ENTRIES PROVIDED: Begin

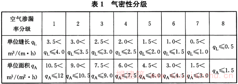q A ——10Pa压力差下单位面积空气渗透率[m 3 /(m 2 ·h)]。
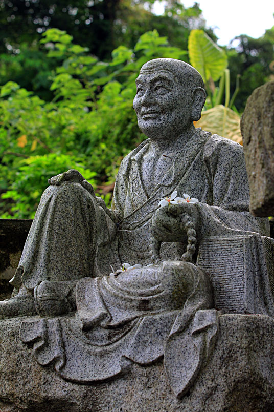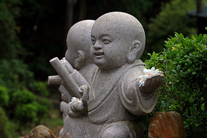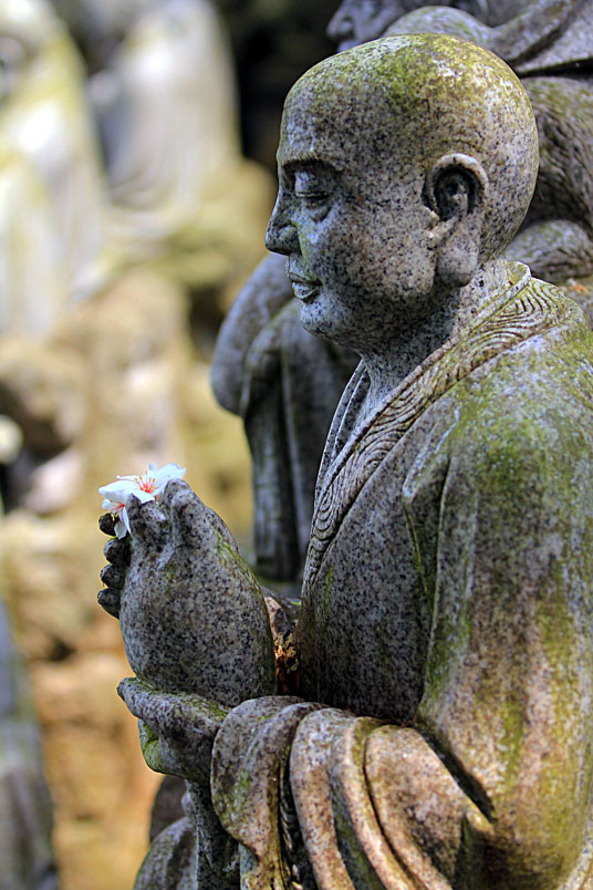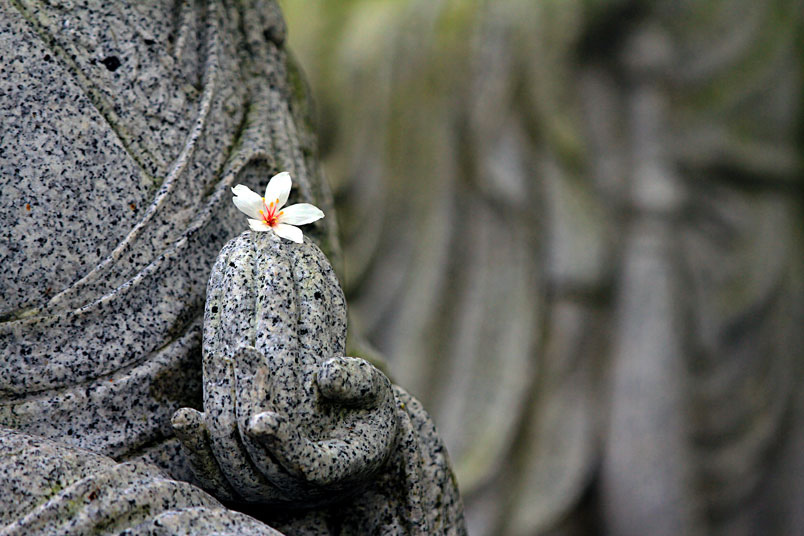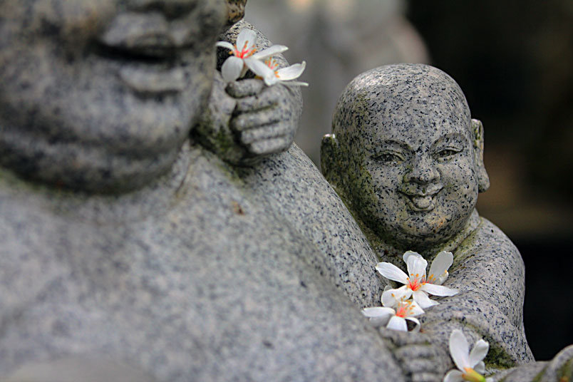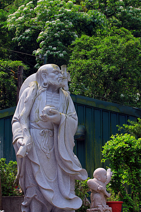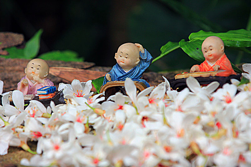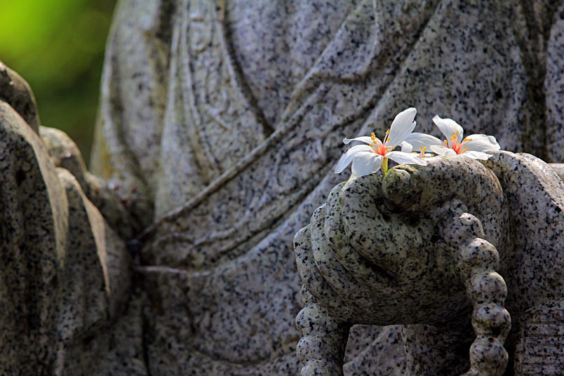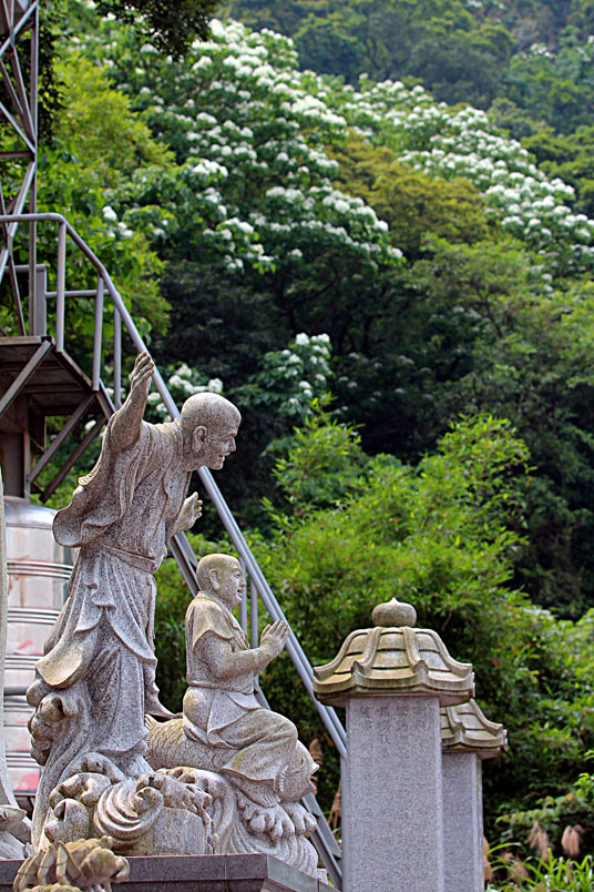 寧靜的山林,油桐花在石像間紛落,雖然並非賞桐熱門景點,
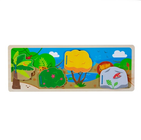 Povzbuďte ty nejmenší, aby prozkoumávali zrakem a dotekem dřevěné senzorické schéma. Co se děje na scéně? Jaké drzé zvířátko se skrývá v houští? Cítíš jeho srst? Co můžete vidět a čeho se dotknout na obloze? Povzbuďte děti, aby diskutovaly o scéně a o tom, co vidí. Rozvíjí slovní zásobu a podporuje vyprávění. Skvělé pro smyslový rozvoj a rozvoj koordinace ruka/oko, jemné motoriky a obratnosti. Vyrobeno z vysoce kvalitních, zodpovědně získaných materiálů. Splňuje aktuální evropské bezpečnostní normy.
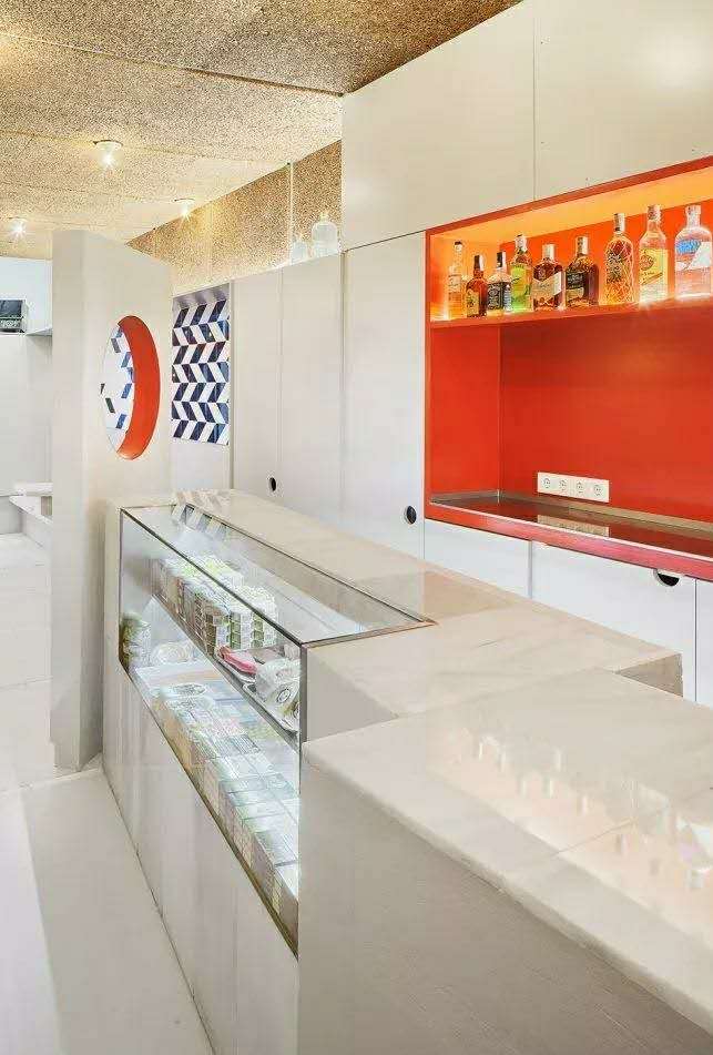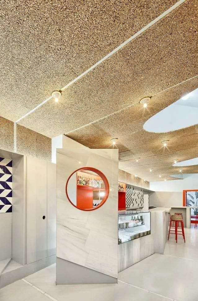 考慮到公共場(chǎng)所的聲學(xué)要求,室內(nèi)天花板和部分側(cè)面已經(jīng)覆蓋了軟木面板,這是一種吸音材料,因此可以避免混響,也可以減少對(duì)鄰居的干擾。軟木飾面的塑料品質(zhì)被用作建筑的主要裝飾主題。這種材料其切割產(chǎn)生的條紋在原處和放置天花板的地方制造出韻律感,使得燈泡看起來(lái)像是懸浮著。在這個(gè)天花板上制作了一系列凹洞,突出了內(nèi)部的節(jié)奏,并尋求一種自然天頂照明的感覺(jué)。大部分的墻壁都有輔助工作條,與內(nèi)襯藍(lán)白相間的斜面瓷磚和白色瓷磚相一致。折疊屏風(fēng)、吧臺(tái)、高腳椅和桌子,每一種元素的奇異性賦予酒吧每個(gè)部分不同的性質(zhì),為尋找不同風(fēng)格座位的顧客創(chuàng)造不同的氛圍。
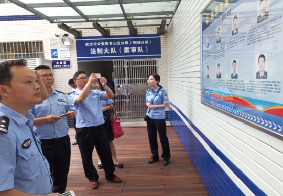 重庆市98堂局法制队伍的学员们在武汉市98堂局青山分局参观
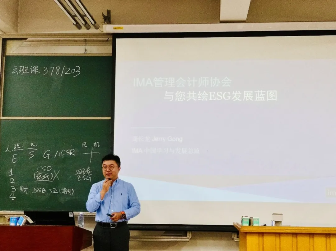 龚长龙先生则分别从全球人才需求视角,向同学们介绍了IMA最新发布的《IMA管理会计能力素质框架拓展版(2025版)》。他指出,在数字化与绿色转型双轮驱动下,从业人员需具备数据分析、可持续治理、战略决策等复合能力,鼓励学生“主动拥抱变化,通过持续学习抢占ESG人才赛道先机”。另外,他也介绍了《IMA可持续发展商业实践证书课程》,以及如何通过该课程更好地助力专业人士在ESG领域的发展。
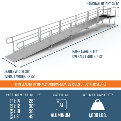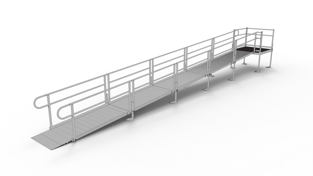 PATHWAY 3G Kit de rampa recta de aluminio para silla de ruedas de 30 pies con banda de rodadura de superficie sólida, pasamanos de 2 líneas y plataforma superior de 4 pies
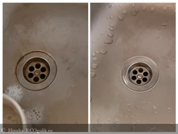 и прочее, само смывается легко - и никаких остатков более агрессивной химии, даже если она была бы из экологичного сегмента.
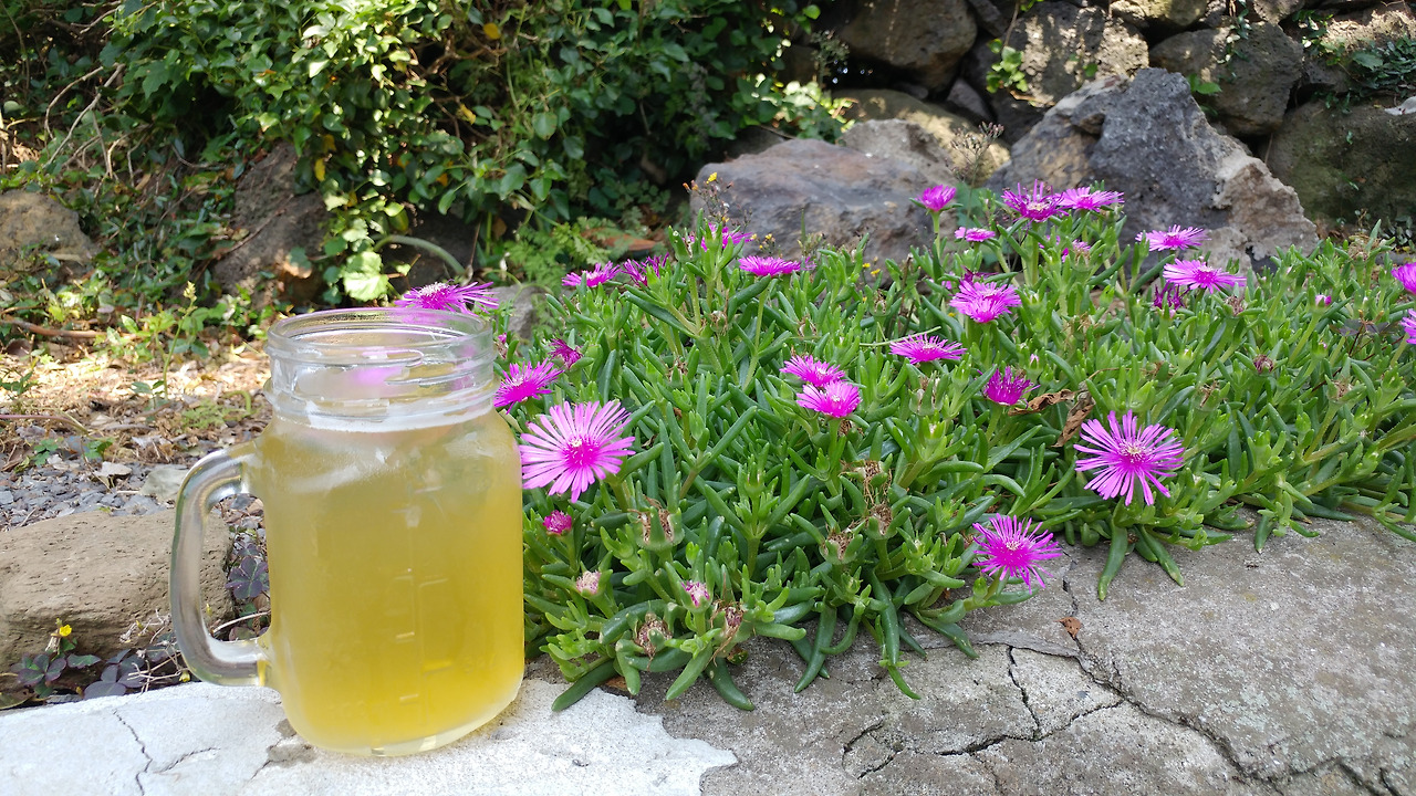 쥔장님이 올라가고 오래지 않아 다시 노크소리가 났다. 직접 만든 파인애플 에이드를 들고 오셨다. 겸이와 함께 안뜰로 나가 오붓하게 마셨다. 새소리와 푸릇한 초록들이 우리를 반기는 가운데.
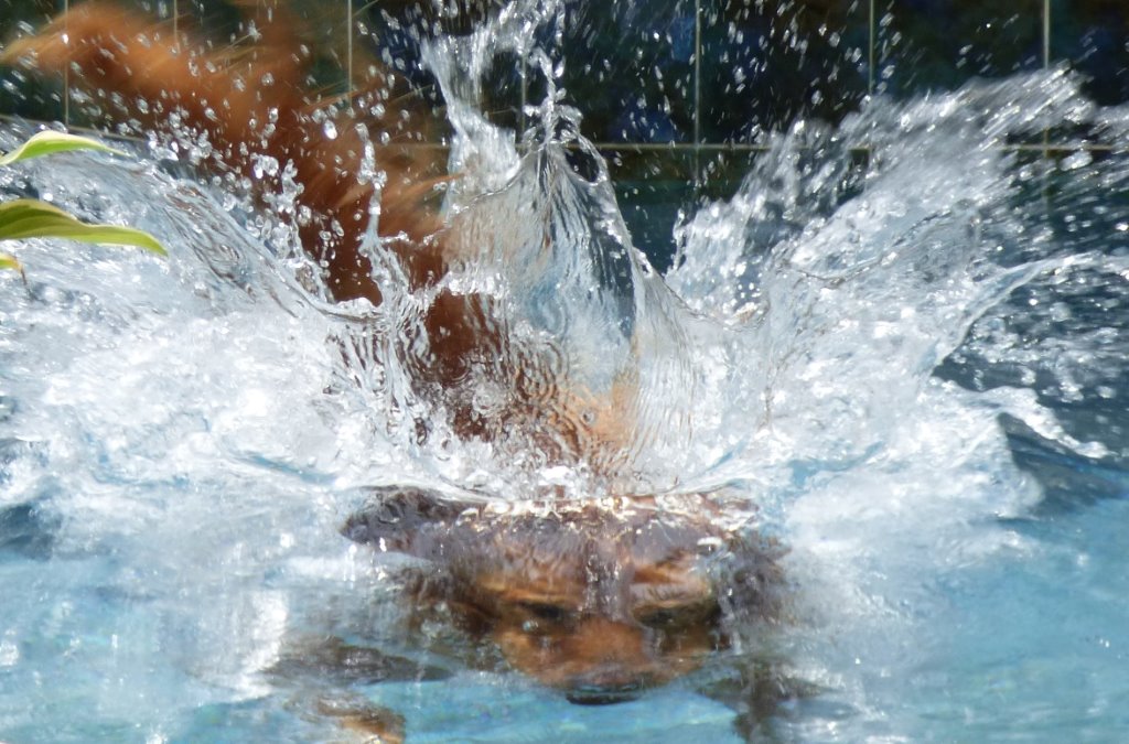 golden diving in pool

ENTRIES PROVIDED: End

ACTIVITY = Transcribe the data completely. No pictures should appear in the transcription.

RESPONSE BELOW =
q A ——10Pa压力差下单位面积空气渗透率[m 3 /(m 2 ·h)]。
 寧靜的山林,油桐花在石像間紛落,雖然並非賞桐熱門景點,
 Povzbuďte ty nejmenší, aby prozkoumávali zrakem a dotekem dřevěné senzorické schéma. Co se děje na scéně? Jaké drzé zvířátko se skrývá v houští? Cítíš jeho srst? Co můžete vidět a čeho se dotknout na obloze? Povzbuďte děti, aby diskutovaly o scéně a o tom, co vidí. Rozvíjí slovní zásobu a podporuje vyprávění. Skvělé pro smyslový rozvoj a rozvoj koordinace ruka/oko, jemné motoriky a obratnosti. Vyrobeno z vysoce kvalitních, zodpovědně získaných materiálů. Splňuje aktuální evropské bezpečnostní normy.
 考慮到公共場(chǎng)所的聲學(xué)要求,室內(nèi)天花板和部分側(cè)面已經(jīng)覆蓋了軟木面板,這是一種吸音材料,因此可以避免混響,也可以減少對(duì)鄰居的干擾。軟木飾面的塑料品質(zhì)被用作建筑的主要裝飾主題。這種材料其切割產(chǎn)生的條紋在原處和放置天花板的地方制造出韻律感,使得燈泡看起來(lái)像是懸浮著。在這個(gè)天花板上制作了一系列凹洞,突出了內(nèi)部的節(jié)奏,并尋求一種自然天頂照明的感覺(jué)。大部分的墻壁都有輔助工作條,與內(nèi)襯藍(lán)白相間的斜面瓷磚和白色瓷磚相一致。折疊屏風(fēng)、吧臺(tái)、高腳椅和桌子,每一種元素的奇異性賦予酒吧每個(gè)部分不同的性質(zhì),為尋找不同風(fēng)格座位的顧客創(chuàng)造不同的氛圍。
 重庆市98堂局法制队伍的学员们在武汉市98堂局青山分局参观
 龚长龙先生则分别从全球人才需求视角,向同学们介绍了IMA最新发布的《IMA管理会计能力素质框架拓展版(2025版)》。他指出,在数字化与绿色转型双轮驱动下,从业人员需具备数据分析、可持续治理、战略决策等复合能力,鼓励学生“主动拥抱变化,通过持续学习抢占ESG人才赛道先机”。另外,他也介绍了《IMA可持续发展商业实践证书课程》,以及如何通过该课程更好地助力专业人士在ESG领域的发展。
 PATHWAY 3G Kit de rampa recta de aluminio para silla de ruedas de 30 pies con banda de rodadura de superficie sólida, pasamanos de 2 líneas y plataforma superior de 4 pies
 и прочее, само смывается легко - и никаких остатков более агрессивной химии, даже если она была бы из экологичного сегмента.
 쥔장님이 올라가고 오래지 않아 다시 노크소리가 났다. 직접 만든 파인애플 에이드를 들고 오셨다. 겸이와 함께 안뜰로 나가 오붓하게 마셨다. 새소리와 푸릇한 초록들이 우리를 반기는 가운데.
 golden diving in pool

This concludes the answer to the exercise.